The line with "어웨이크뉴스 오경하 기자" marks the first line to copy, and the line with "Rośliny: Kwitnący, Różanecznik, Zalesione, Wzgórza, Góry, Zachód" marks the last. Transcribe that stretch of the data below exactly, without pictures.
*** THE DATA Section Begins ***
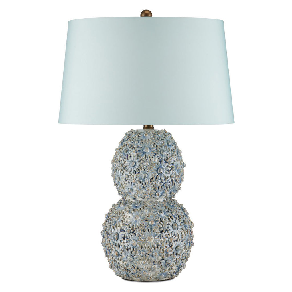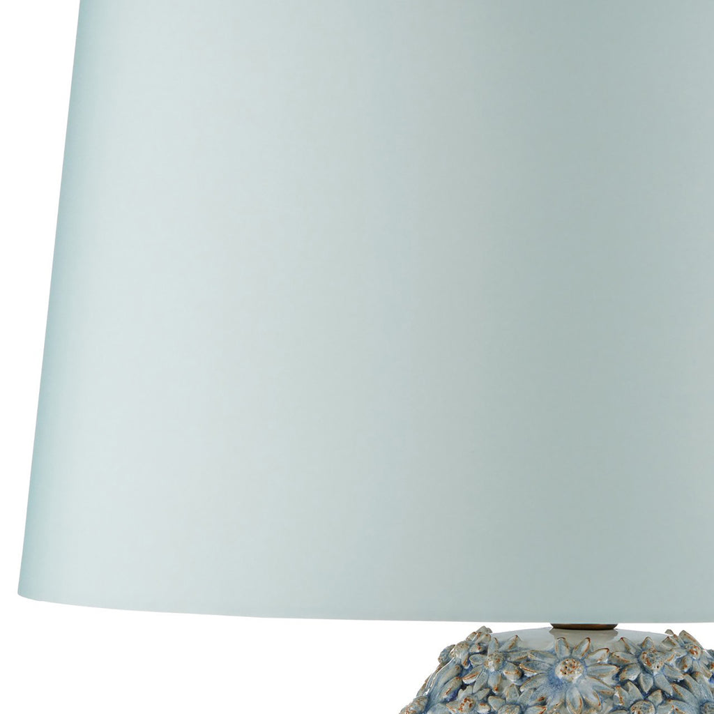 The Currey & Co Jessamine Blue Table Lamp has a surface studded with beautifully fashioned flowers. Rather than apply one type of bloom, a number of floral shapes are intermingled to give the pale blue lamp a charm that is heightened by the top edge that is slightly rounded as it approaches the shade. The handmade character of the piece comes from the fact that each flower is created individually and applied, one-by-one, by hand by community of talented women artisans who live at the border of Burma and Thailand.
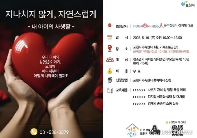 어웨이크뉴스 오경하 기자 | 포천시 직영 더 큰 행복 포천시가족센터는 오는 21일부터 사춘기 자녀를 둔 양육자를 대상으로 부모 교육 프로그램 ‘지나치지 않게, 자연스럽게’의 참여자를 모집한다. 이번 교육은 5월 16일 오전, 포천시가족센터 가족소통공간(반다비체육센터 1층)에서 대면 강의로 진행된다.
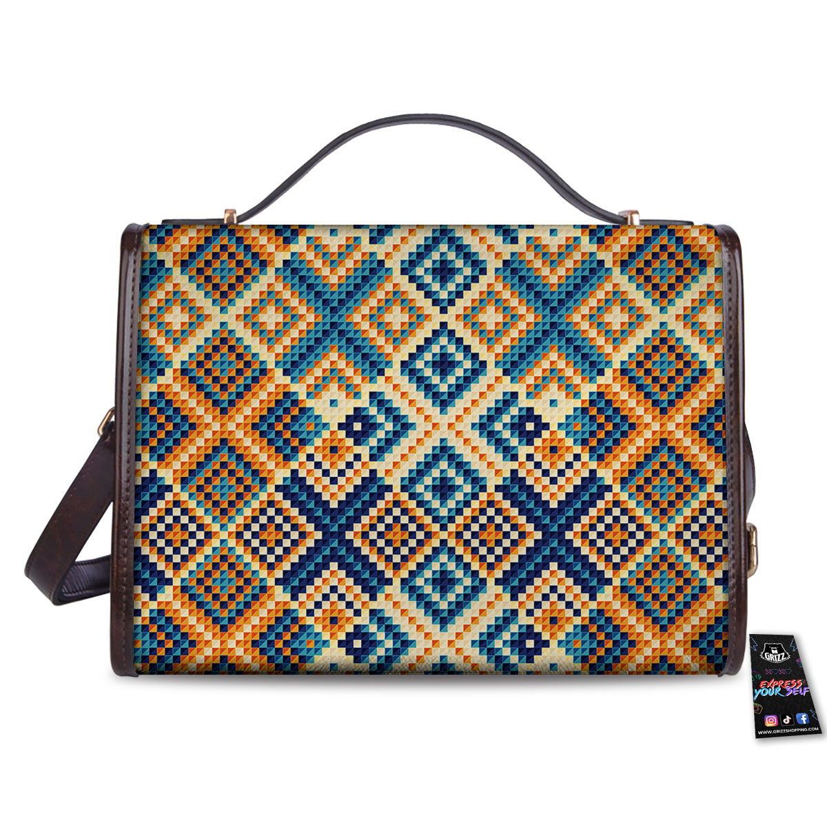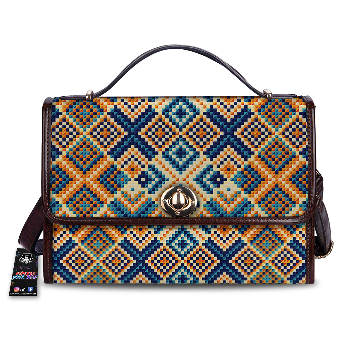 Ethnic Pixel Print Pattern Women’s Satchel Bag
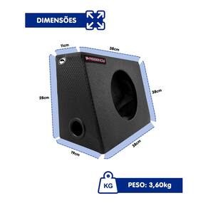 CARACTERÍSTICAS - Ideal para veículos compactos: projetada para um subwoofer de 8" com duto lateral de 2", otimizando espaço sem perder qualidade sonora; - Performance acústica eficiente: configuração dutada que favorece graves mais potentes e definição sonora; - Construção resistente: fabricada em MDF de alta espessura, com revestimento de courvin perfurado preto e manta isolante interna; - Montagem segura e estável: estrutura robusta que reduz vibrações e mantém alinhamento ideal em veículos em movimento.
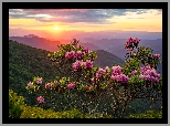 Rośliny: Kwitnący, Różanecznik, Zalesione, Wzgórza, Góry, Zachód słońca
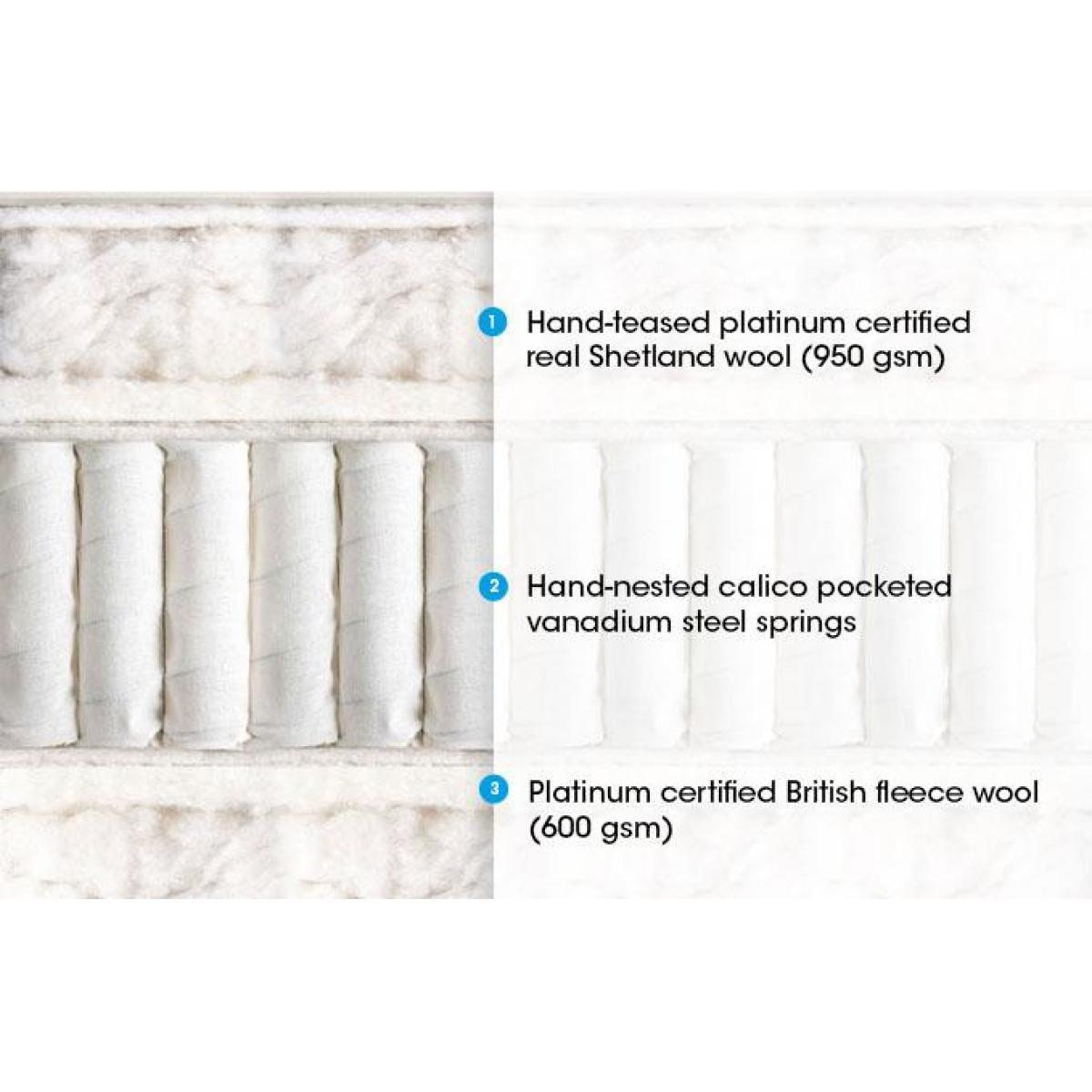 Leave the stresses of the world behind with a Vispring Shetland bed. The luxurious mattresses contain hundreds of hand nested vanadium pocket springs, enveloped by soft, all natural layers of British fleece wool and hand teased Shetland wool. Choose a firm, soft, or medium comfort level. The sprung divan bases are made to highest standards with drawer storage choices, and are upholstered in fine Belgian damask. Headboard is an optional extra. Fabulously comfortable divan bed handcrafted by Vispring. All natural mattress fillings include British fleece wool and Shetland wool. 1720 vanadium steel pocket springs give exceptional support (5 foot size). Fine ticking upholstery, hand tufted with 3 rows of hand side-stitching. Wool upholstered borders with air vents and handles. Divan base with solid timber frame and 950 hand nested springs (5 foot size). Base filled with soft, heavily needled British fleece wool. Divan is in a choice of luxury fabrics, has optional drawer storage. Did you know?. The mattress should be aired for four hours after delivery to freshen and remove any aroma from storage. It may take time for your mattress to attain its full size once the springs have settled to the correct position. This is due to the mattress being upright during transit. Settlement of fillings and indentations caused by body weight compressing the fillings are natural and not considered defects. This can be minimised by regular rotating (unless yours is a dual tension mattress).
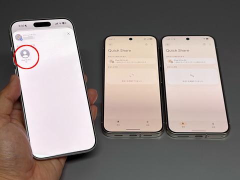 まずiPhoneから送信を行なう場合、送信先として検出できるのはPixel 10だけで、Pixel 9は検出されない。またPixel 9から送信しようとした場合は、送信先に表示されるのはPixel 10だけで、iPhoneは検出されない。いずれも検出はできるものの送信ができないといったレベルではなく、そもそもの検出自体が不可能だ。
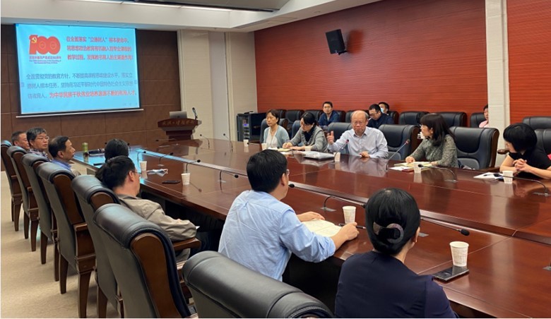 何小华在总结讲话提出:在全面落实“立德树人”的根本使命中,要将思想政治教育有机融入到基础医学院所有专业课程的教学过程,要发挥教书育人的主渠道作用,坚持用习近平新时代中国特色社会主义思想铸魂育人,为中华民族千秋伟业培养源源不断的有用人才。
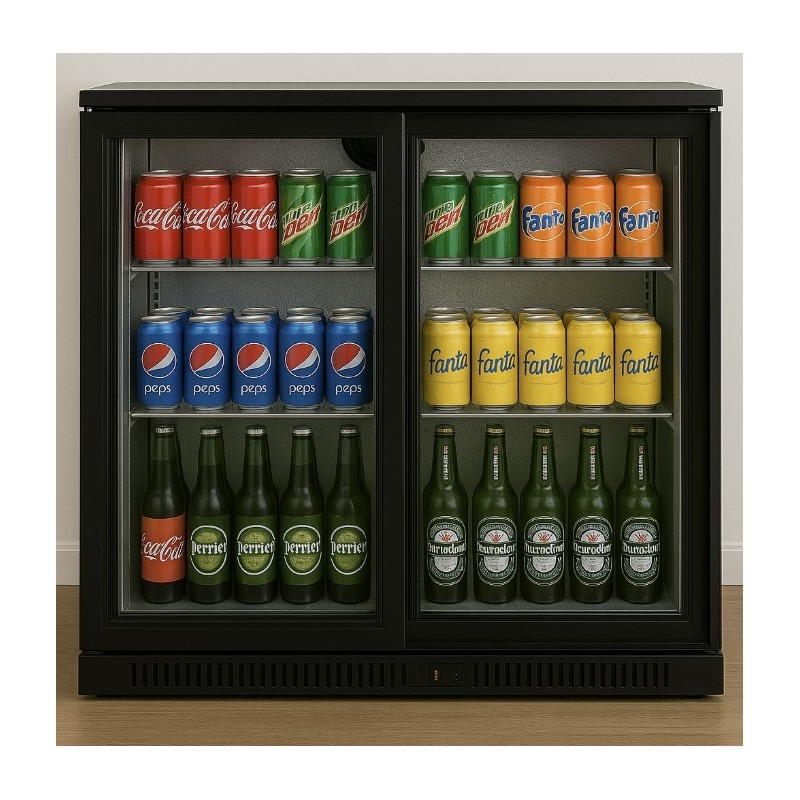 Back Bar Cooler with 2 Sliding Doors – 220L Black Undercounter Bottle Fridge for Efficient Beverage Storage and Display
*** THE DATA Section Ends ***
*TASK ANSWER*
 어웨이크뉴스 오경하 기자 | 포천시 직영 더 큰 행복 포천시가족센터는 오는 21일부터 사춘기 자녀를 둔 양육자를 대상으로 부모 교육 프로그램 ‘지나치지 않게, 자연스럽게’의 참여자를 모집한다. 이번 교육은 5월 16일 오전, 포천시가족센터 가족소통공간(반다비체육센터 1층)에서 대면 강의로 진행된다.
 Ethnic Pixel Print Pattern Women’s Satchel Bag
 CARACTERÍSTICAS - Ideal para veículos compactos: projetada para um subwoofer de 8" com duto lateral de 2", otimizando espaço sem perder qualidade sonora; - Performance acústica eficiente: configuração dutada que favorece graves mais potentes e definição sonora; - Construção resistente: fabricada em MDF de alta espessura, com revestimento de courvin perfurado preto e manta isolante interna; - Montagem segura e estável: estrutura robusta que reduz vibrações e mantém alinhamento ideal em veículos em movimento.
 Rośliny: Kwitnący, Różanecznik, Zalesione, Wzgórza, Góry, Zachód słońca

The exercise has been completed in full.